Group size: 3 students. If you don’t have a preference, we will allocate you.
Policies
Attendance
Attendance at all five teaching sessions is strongly recommended. Attendance at the final presentations session (1 July 2026) is mandatory for all groups.
Late submissions
The submission deadline (30 June 2026, 18:00) is firm. Late submissions are graded down by one full grade (1.0) per started 24-hour period.
Academic integrity
All work must be the declared group’s own. Plagiarism and unauthorised AI use will be referred to the examination office. Citing AI-assisted work where permitted is required. Code submitted with a project must run as-is on the data we provide; we may spot-check by re-running the Rmd.
Coding style
We expect well-commented, self-explanatory, efficient R code: meaningful variable names, no for-loops where vectorised alternatives exist, helper functions for repetitive tasks (each annotated with a one-line comment stating what the function does and returns). The demo code we ship is intentionally basic; copying it without elaboration is not enough.
Accommodations
Students requiring accommodations should contact the instructor in the first week of term.
Contact
- Course-content questions: ask in class (preferred) or email oliver.padmaperuma@uni-ulm.de, CC andre.guettler@uni-ulm.de.

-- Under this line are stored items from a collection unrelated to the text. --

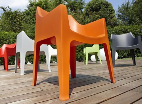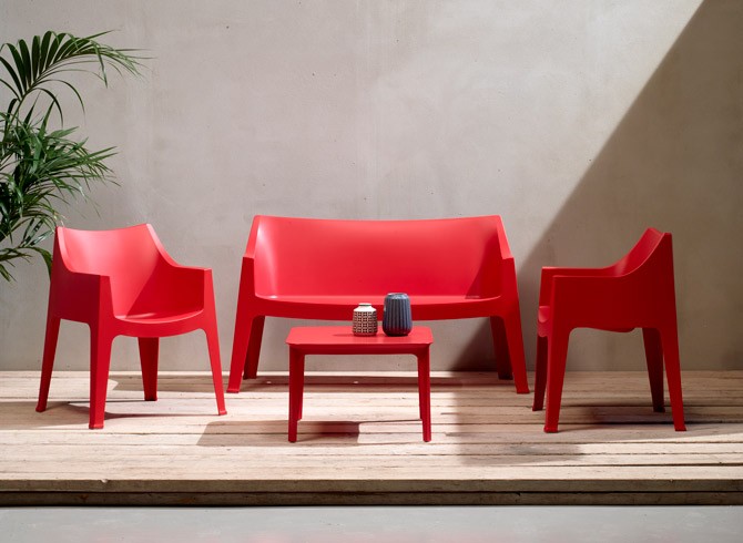 A Scab Design Coccolona kültéri műanyag fotel és kanapé lehengerlő stílusával uralja a teret. Stabil és ellenálló darab, mely sokféle színben elérhető bel-vagy kültérre egyaránt. Az innovatív olasz dizájn terméke.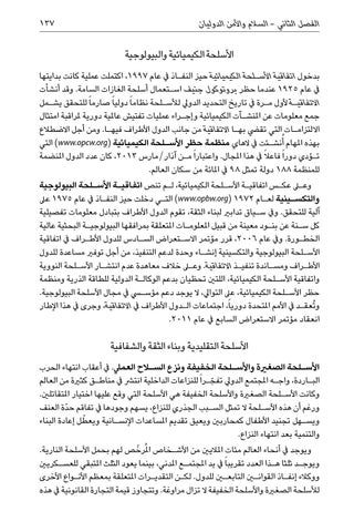 األسلحة الكيميائية والبيولوجية بدخول اتفاقية األس�لحة الكيميائية حيز النف�اذ يف عام ،1997اكتملت عملية كانت بدايتها يف عام 1925عندما حظر بروتوكول جنيف اس�تعمال أسلحة الغازات السامة .وقد أنشأت االتفاقي�ة ألول م�رة يف تاريخ التحديد الدويل لألس�لحة نظاما ً دوليا ً صارما ً للتحقق يش�مل جمع معلومات عن املنش�آت الكيميائية وإج�راء عمليات تفتيش عاملية دورية ملراقبة امتثال االلتزام�ات التي تقيض به�ا االتفاقية من جانب الدول األطراف فيه�ا .ومن أجل االضطالع بهذه املهام أُنش�ئت يف الهاي منظمة حظر األس�لحة الكيميائية ( )www.opcw.orgالتي ت�ؤدي دورا ً فاعالً يف هذا املجال .واعتبارا ً م�ن آذار/مارس ،2013كان عدد الدول املنضمة للمنظمة 188دولة تمثل 98يف املائة من سكان العالم. وعلى عك�س اتفاقي�ة األس�لحة الكيميائية ،ل�م تنص اتفاقي�ة األس�لحة البيولوجية والتكس�ينية لع�ام )www.opbw.org( 1972الت�ي دخلت حيز النف�اذ يف عام 1975عىل آلية للتحقق .ويف س�ياق تدابري لبناء الثقة ،تقوم الدول األطراف بتبادل معلومات تفصيلية كل س�نة عن بن�ود معينة من قبيل املعلوم�ات املتعلقة بمرافقها البيولوجي�ة البحثية عالية الخط�ورة .ويف عام ،2006قرر مؤتمر االس�تعراض الس�ادس للدول األط�راف يف اتفاقية األس�لحة البيولوجية والتكسينية إنش�اء وحدة لدعم التنفيذ ،من أجل توفري مساعدة للدول األط�راف ومس�اندة تنفي�ذ االتفاقية .وعلى خالف معاهدة عدم انتش�ار األس�لحة النووية واتفاقية األس�لحة الكيميائية ،اللتني تحظيان بدعم الوكال�ة الدولية للطاقة الذرية ومنظمة حظر األس�لحة الكيميائية ،عىل التوايل ،ال يوجد دعم مؤسسي يف مجال األسلحة البيولوجية. و ُتعق�د يف األمم املتحدة دورياً ،اجتماعات ال�دول األطراف يف االتفاقية ،وجرى يف هذا اإلطار انعقاد مؤتمر االستعراض السابع يف عام .2011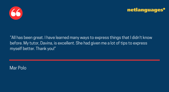 All students on our tutored courses are assigned their own personal Net Languages tutor who will help and correct them throughout the course. Students can ask their tutors questions about the course, practise their pronunciation, organise speaking tutorials with their tutor in real time and receive corrections and comments on their writing tutorials.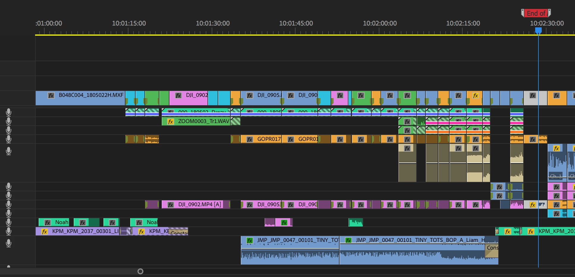 All clips on Track 1 are referencing from one long .wav audio clip (4hrs) that was used as a sync guide on the shoot.

- Submissions: zip-folder named
Asset2026_surname1_surname2_surname3containing your Rmd, the PDF report, and the PDF slides. Email the same address pattern with the same subject line. - Admin / exam-eligibility questions: studiensekretariat@uni-ulm.de.
- Technical (Moodle / IT) questions: helpdesk@uni-ulm.de.
- Moodle: all announcements and the dataset link are posted on the course Moodle page.